MTI Instruments was incorporated in New York on March 8, 2000 and is a worldwide supplier of precision non-contact physical measurement solutions, portable balancing equipment and wafer inspection tools. MTI Instruments’ products use a comprehensive array of technologies to solve complex, real world applications in numerous industries including manufacturing, semiconductor, solar, commercial and military aviation, automotive and data storage. MTI Instruments’ products consist of electronic gauging instruments for position, displacement and vibration application within the design, manufacturing/production, test and research market; wafer characterization of semi-insulating and semi-conducting wafers within both the semiconductor and solar industries; tensile stage systems for materials testing at academic and industrial settings; and engine vibration analysis systems for both military and commercial aircraft.

MTI Micro was incorporated in Delaware on March 26, 2001, and has been developing Mobion®, a handheld energy-generating device to replace current lithium-ion and similar rechargeable battery systems in many handheld electronic devices for the military and consumer markets. Mobion® handheld generators are based on direct methanol fuel cell (DFMC) technology, which has been recognized as an enabling technology for advanced portable power sources by the scientific community and industry analysts. As the need for advancements in portable power increases, MTI Micro has been developing Mobion® as a solution for advancing current and future electronic device power needs of the portable electronics market. As of March 31, 2012, the Company owned approximately 47.6% of MTI Micro’s outstanding common stock.
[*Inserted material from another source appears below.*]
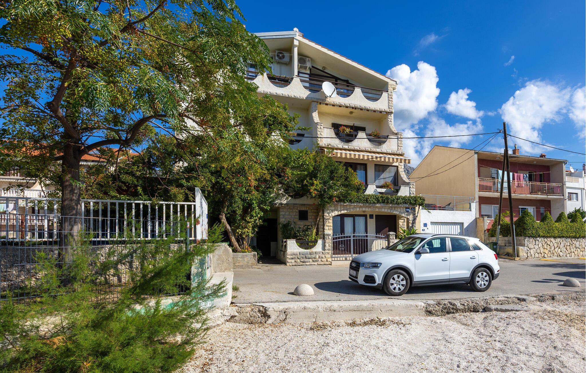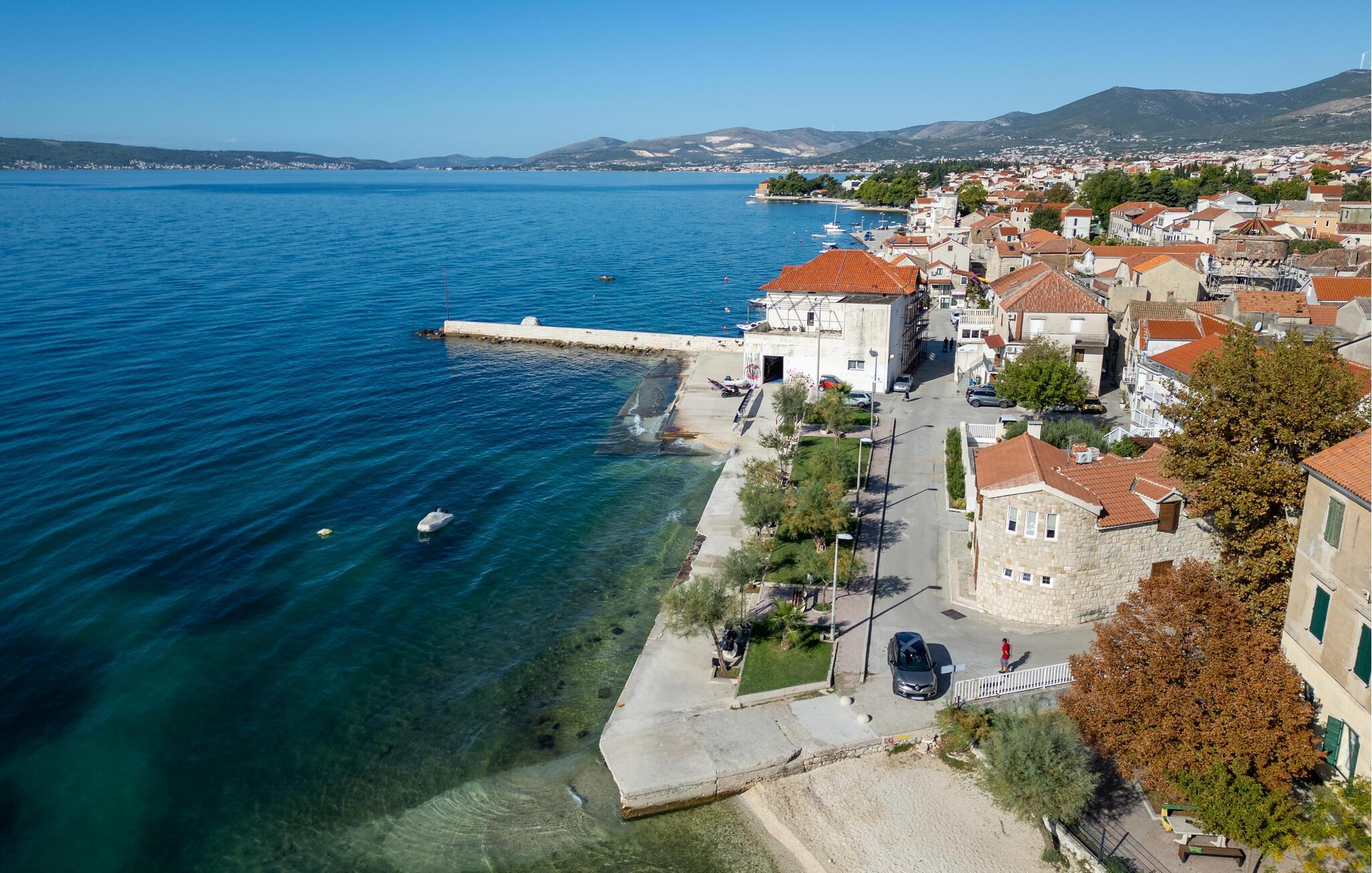 Unmittelbar an einem schönen Kiesstrand gelegen sind diese Ferienwohnungen. CDE497 auf der 3. Etage hat eine Dachschräge auf 140 cm. Sie ist komfortabel und eingerichtet und hat einen tollen Panoramablick von der Terrasse. Die einfach eingerichtete Ferienwohnung CDE498 besteht aus zwei Wohneinheiten mit gemeinsamer Terrasse. Ein Teil ist zweistöckig mit Innentreppe, den anderen Teil auf der 2. Etage erreichen Sie über Außentreppen. CDF616 im Erdgeschoss besitzt eine eigene Terrasse mit Meerblick. Gleich neben dem Haus verläuft die schöne Promenade. Besuchen Sie die historischen Städte Trogir und Split.

Although MTI Micro continues to believe in the potential of its Mobion® based power solutions, it has suspended its MTI Micro operations until such time as market demand and other deciding factors, including obtaining additional external financing, the successful completion of customer trials, a new development program with a government agency, and/or a customer order, come to fruition. MTI Micro will continue to seek additional capital from external sources to resume operations and fund future development, if any. If MTI Micro is unable to secure additional financing, a new development program or customer order, the MTI Micro Board of Directors will assess other options for MTI Micro, including the sale of its intellectual property portfolio and other assets.

Liquidity

The Company has historically incurred significant losses, the majority stemming from the direct methanol fuel cell product development and commercialization programs of MTI Micro, and had a consolidated accumulated deficit of $120.9 million as of March 31, 2012. During the first quarter of 2012, the Company generated a net loss attributed to MTI of $822 thousand and had working capital at March 31, 2012 of $2.4 million, a $743 thousand decrease from $3.1 million at December 31, 2011. The Company generated positive operating cash flows of $310 thousand for the three months ended March 31, 2012 and currently has no debt outstanding. While it cannot be assured, management believes that the Company will continue to generate positive cash flows in 2012 and be able to fund the Company’s operations for the foreseeable future.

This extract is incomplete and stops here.